Goal of the exercise
Take the lines from the one containing "Zapatillas Pikolinos de" through the final line below and restate them exactly. Omit the pictures.

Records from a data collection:
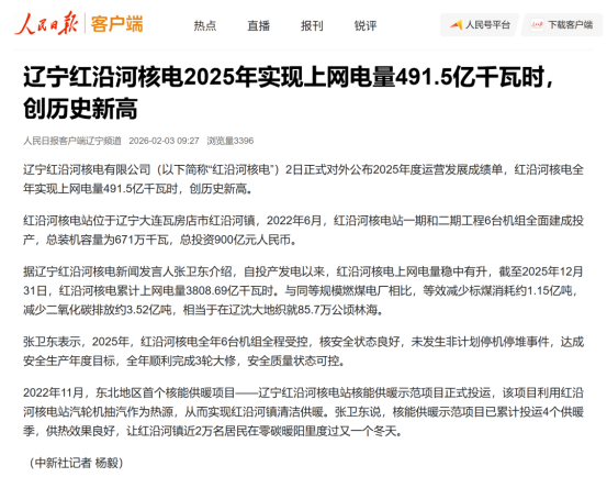 作為我國東北地區第一座核電站、區域最大電力能源基地,紅沿河核電以習近平新時代中國特色社會主義思想為指導,錨定高質量發展目標,深入踐行“綠水青山就是金山銀山”理念,以技術創新激活新質生產力,全年實現上網電量491.5億千瓦時,創曆史新高,6台機組累計實現上網電量3808.69億千瓦時,等效減排二氧化碳約3.52億噸,為東北能源保供、生態保護和遼寧全麵振興、全方位振興,交出了一份“安全穩、創新強、生態優、責任實”的年度答卷。
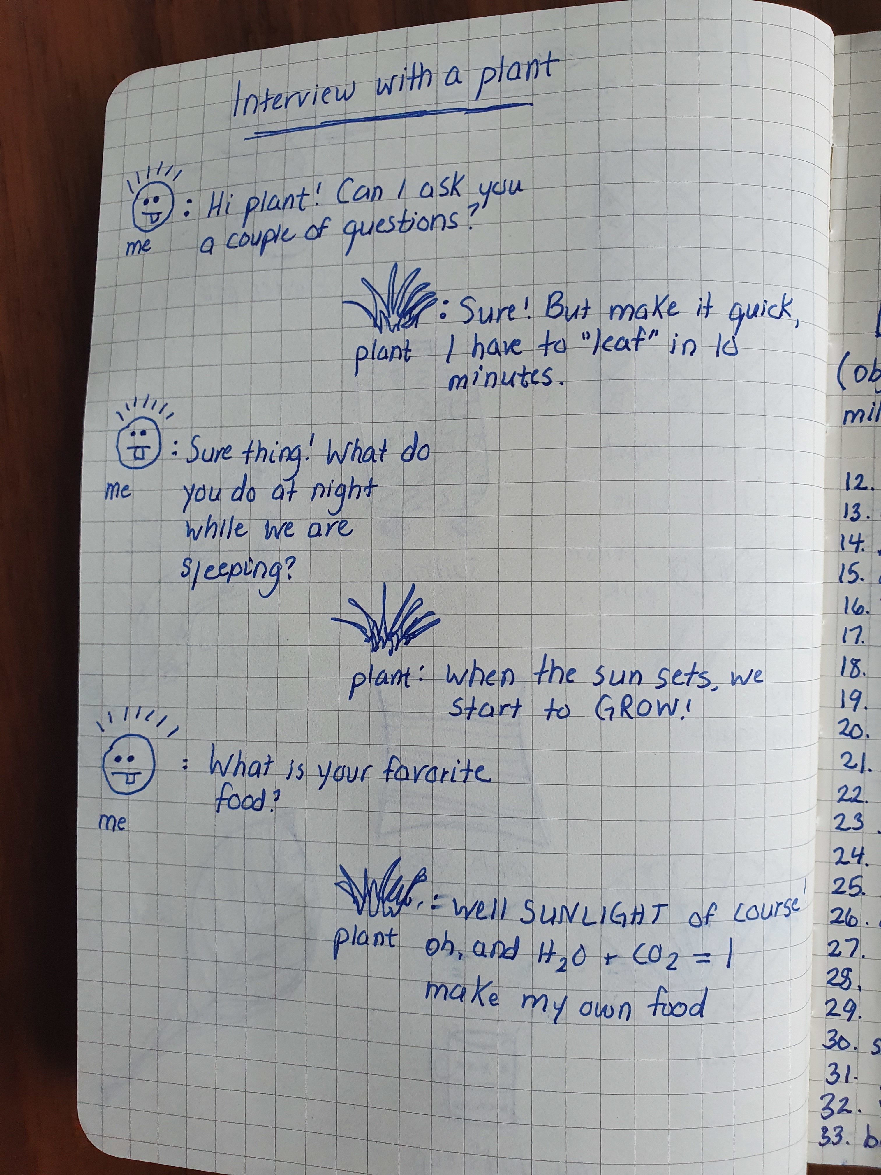 Get your child to choose an object from your home or garden to interview. It could be their shoes, a plant or Dad’s smelly socks….. Ask them to write down what questions they would ask their chosen object and how they think it would then reply.
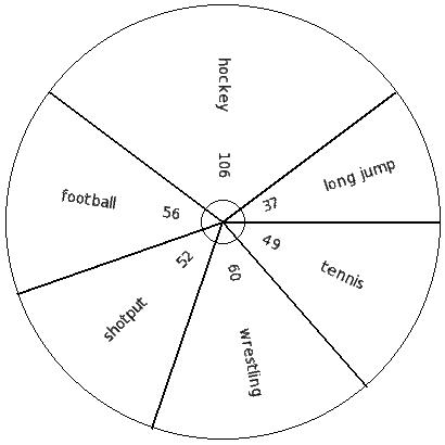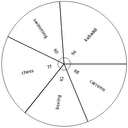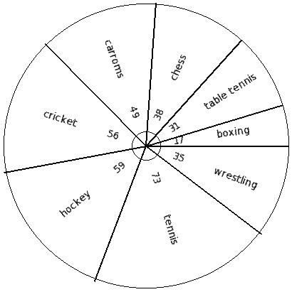 The following table shows 1692 students of a school participating in various games. Find the pie chart sector angle for "wrestling"
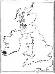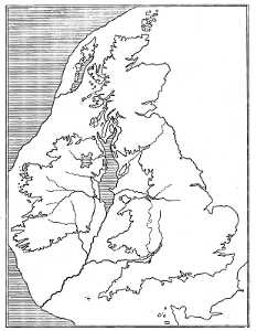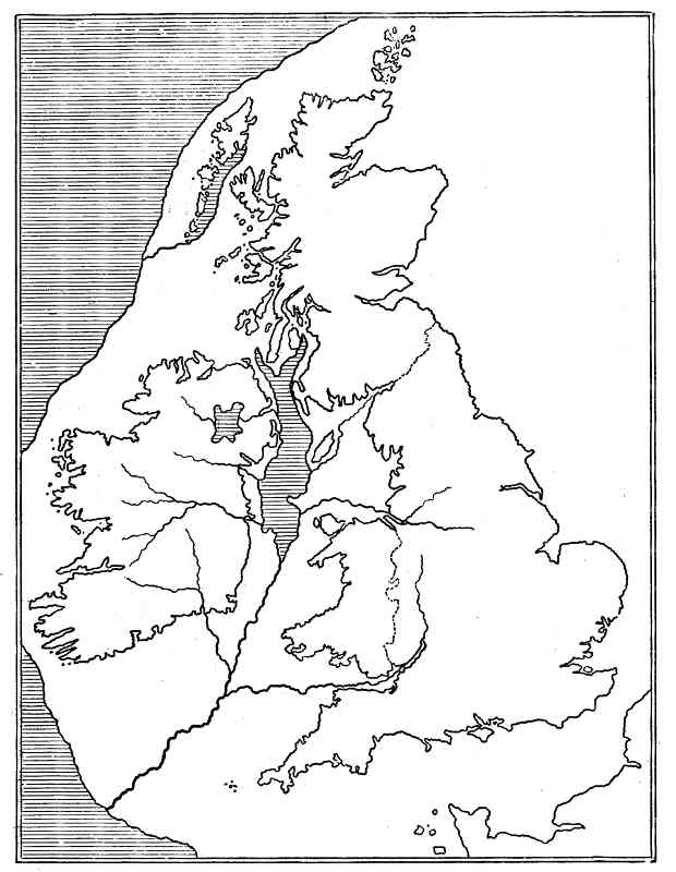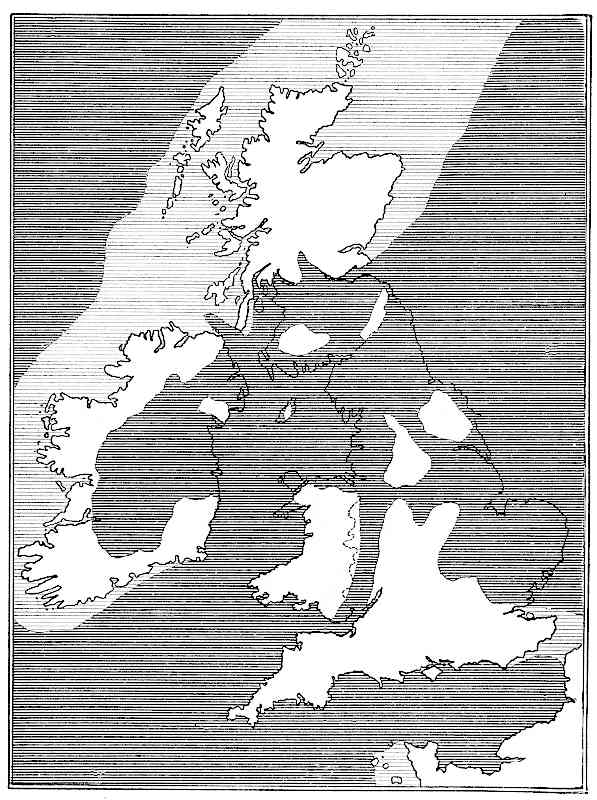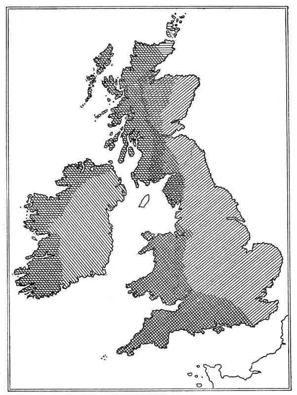 Fig. 1.—Map of the British Islands, indicating approximately the areas inhabited by the northern, southern, and eastern animals. The horizontal lines represent the areas of northern species, the sloping lines those of southern and eastern ones.
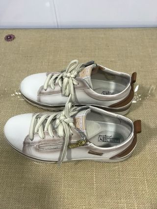 Zapatillas Pikolinos de mujer en tonos marrón y blanco. Cuentan con un diseño moderno y detalles que las hacen únicas. - Cierre con cordones. - Detalle de cremallera lateral. - Tirador trasero para facilitar su puesta. - Suela de goma.
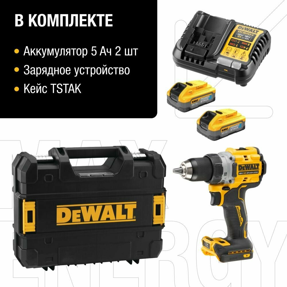 Купить Аккумуляторная бесщеточная дрель-шуруповерт DEWALT, 18В, 90 Нм, 2000 об/мин, с 2 АКБ 5 Ач и ЗУ, в кейсе TSTAK, DCD800H2T

Written reply
 Zapatillas Pikolinos de mujer en tonos marrón y blanco. Cuentan con un diseño moderno y detalles que las hacen únicas. - Cierre con cordones. - Detalle de cremallera lateral. - Tirador trasero para facilitar su puesta. - Suela de goma.
 Купить Аккумуляторная бесщеточная дрель-шуруповерт DEWALT, 18В, 90 Нм, 2000 об/мин, с 2 АКБ 5 Ач и ЗУ, в кейсе TSTAK, DCD800H2T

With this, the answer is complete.